Hello LvW,thank you for your guidance and I uploaded the db plot (only the magnitude but not phase yet). Yes you are right, I made a mistake for saying the passband. So for this case, could you tell me (1) how can I caculate Passband and stopband attenuation if I want the passband is from 1KHZ to 100 khz?
(2) Could you also tell me for analog IC filter, what kind of value regarding passband attenuation and stopband rejection is acceptable? Then I can revise the circuit to meet this value.
(3) Could you tell me that from this picture is it able to find out some points to calculate passband ripple? Because I have no idea of this and want to know if there is any requirement for analog circuit to have a specific range. Please advise and I appreciate you very much!

There are several comments to be made:
* The passband is in the 100 kHz range (not MHz)
* Passband and stopband attenuation can be determined only if you know (and tell us) about the passband and stopband frequencies.
* passband ripple (if any!) cannot be detected because of bad frequency resolution. You need more calculated points of the transfer curve.
* You should use logarithmic scales for both axes (dB) and display alos the phase .

 

[LvW]

*At first, I suppose your bandpass is of 2nd order.
In this case, the passband is mostly defined between the two frequencies for which the gain is 3dB less than the maximum gain.
In your case this would be app. a level of -3.1 dB on both sides of the maximum. However, this region is not shown in your diagram.
*According to your diagram the passband attenuation is 0.1 dB.
*Passband ripple exist only for bandpass functions of higher order (4, 6,...).
*The task of a bandpass is to attenuate some freqency components outside the passband. For these frequencies the stopband attenuation is defined. Do you have any requirenents in this respect?

---------- Post added at 15:20 ---------- Previous post was at 15:17 ----------

By the way: Is it the same filter as in your 1st posting?

 

[bhl777]

Hello LvW, thank you for your guidance. I am new to the filter design and still confused of some specs.
(1)Thank you for telling me that passband ripple only exists for higher order. Yes my filter is 2-order, so there is no ripple, thank you for this instruction!
(2) You said -3.1db, do you mean from the top of the plot, it is around -0.15? Is it OK for a filter?
(3) Now I just want to present this filter as a project work (not have a specification already and tried to meet it), so I need to define a passband range (like from f1 to f2).
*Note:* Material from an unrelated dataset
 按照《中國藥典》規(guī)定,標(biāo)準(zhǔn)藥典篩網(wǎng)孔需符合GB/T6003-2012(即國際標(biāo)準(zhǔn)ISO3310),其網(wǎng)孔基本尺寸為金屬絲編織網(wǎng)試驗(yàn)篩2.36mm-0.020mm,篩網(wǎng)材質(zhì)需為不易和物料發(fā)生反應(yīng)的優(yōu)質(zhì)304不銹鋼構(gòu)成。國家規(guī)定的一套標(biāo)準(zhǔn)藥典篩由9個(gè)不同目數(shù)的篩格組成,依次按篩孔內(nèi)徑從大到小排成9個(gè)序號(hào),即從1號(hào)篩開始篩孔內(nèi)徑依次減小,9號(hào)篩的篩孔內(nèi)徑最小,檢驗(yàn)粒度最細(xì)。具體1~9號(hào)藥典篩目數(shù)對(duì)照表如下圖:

How can I define the range from the plot and present that in this range the filter works well?
(4) After you define the range from the plot, could you tell me how to calculate the stopband rejection accroding to its db?

*At first, I suppose your bandpass is of 2nd order.
In this case, the passband is mostly defined between the two frequencies for which the gain is 3dB less than the maximum gain.
In your case this would be app. a level of -3.1 dB on both sides of the maximum. However, this region is not shown in your diagram.
*According to your diagram the passband attenuation is 0.1 dB.
*Passband ripple exist only for bandpass functions of higher order (4, 6,...).
*The task of a bandpass is to attenuate some freqency components outside the passband. For these frequencies the stopband attenuation is defined. Do you have any requirenents in this respect?
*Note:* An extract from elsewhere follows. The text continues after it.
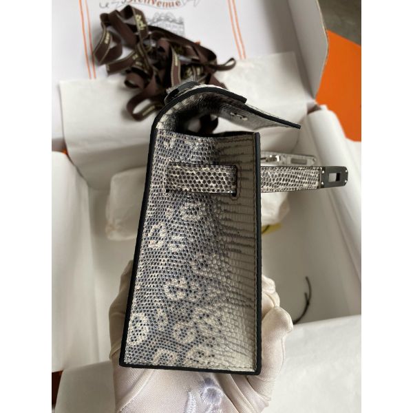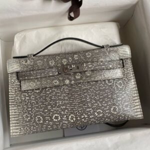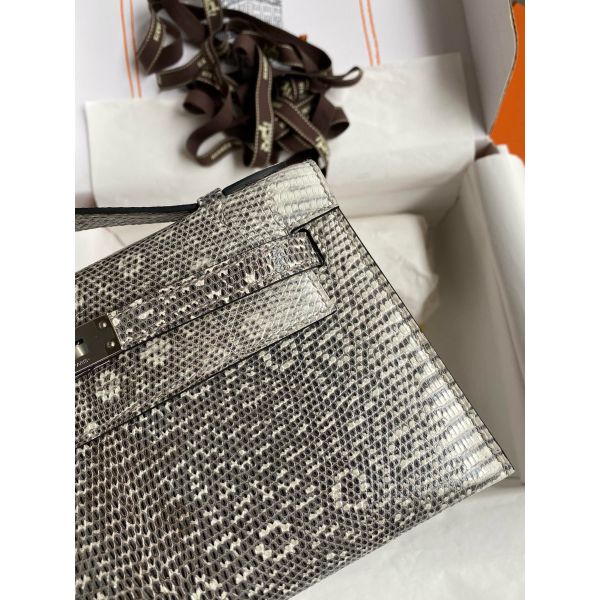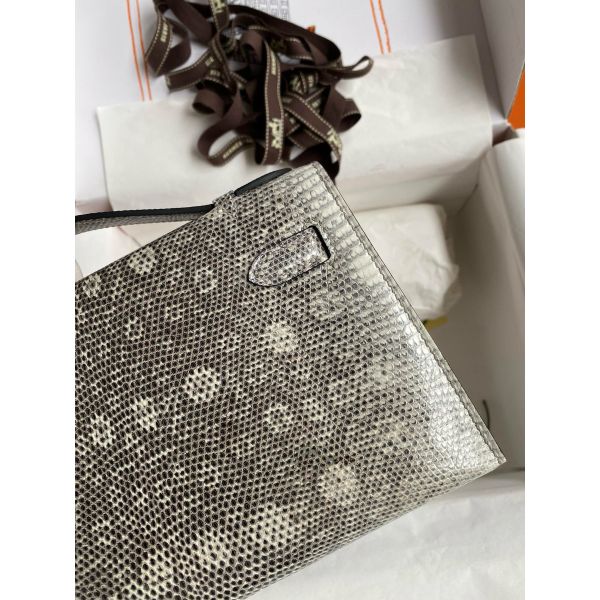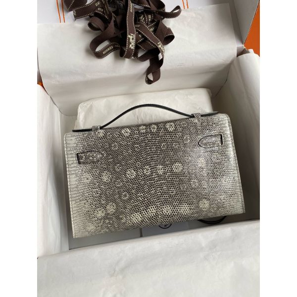 Hermes Kelly Pochette Handmade Bag In Natural Lizard Skin

---------- Post added at 15:20 ---------- Previous post was at 15:17 ----------

By the way: Is it the same filter as in your 1st posting?

 

[LvW]

(1)Thank you for telling me that passband ripple only exists for higher order. Yes my filter is 2-order, so there is no ripple, thank you for this instruction!
If you want you can see the gain variation within the passband as ripple (some people do that). See (2) below.
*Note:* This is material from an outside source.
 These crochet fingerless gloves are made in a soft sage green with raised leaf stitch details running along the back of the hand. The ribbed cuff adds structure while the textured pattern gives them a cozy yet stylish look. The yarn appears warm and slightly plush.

(2) You said -3.1db, do you mean from the top of the plot, it is around -0.15? Is it OK for a filter?

It is the normal case to specify the -3 dB points (below the maximum) as passband. However, depending on the application and the requitements, respectively, you also can define the passband for any other values.
Example: If you allow only a 0.1 dB variation within the passband (0.25-0.15 dB) , one can derive the following edge frequencies from your drawing: 20 kHz.....10 MHz. (By the way, that is very very broad!).
For other attenuation values you must extend the displayed frequency range.

(3) Now I just want to present this filter as a project work (not have a specification already and tried to meet it), so I need to define a passband range (like from f1 to f2). How can I define the range from the plot and present that in this range the filter works well?

See above. The answer, if it works "well" can be given only in case the requirements are known. But, as mentioned above, the bandpass seems to exhibit a very small quality factor Q (very large bandwidth).

(4) After you define the range from the plot, could you tell me how to calculate the stopband rejection accroding to its db?

As mentioned earlier: What are the stopband frequencies?

Some general remarks (perhaps helpful):
Normally, a bandpass and its parameters are defined as follows:
1.) The bandpass center frequency is fo=...Hz. The gain or attenuation at fo shall be ...dB
2.) The filter must transfer frequencies between f1 and f2 (passband) ; the gain/attenuation in this region must not vary by more than x dB (example 1 or 3 dB).
3.) The following frequencies f<f3 and f>f4 must be attenuated at least by y dB (example 60 dB). This defines the stopband frequencies.

Regards, LvW

 

[bhl777]

Hello LvW, thank you for your kindest help. I just found that you also asked me if the two plots I put are for the same filter. The answer is YES!

Regarding your answers, I still have some confusion and hope you can help me out.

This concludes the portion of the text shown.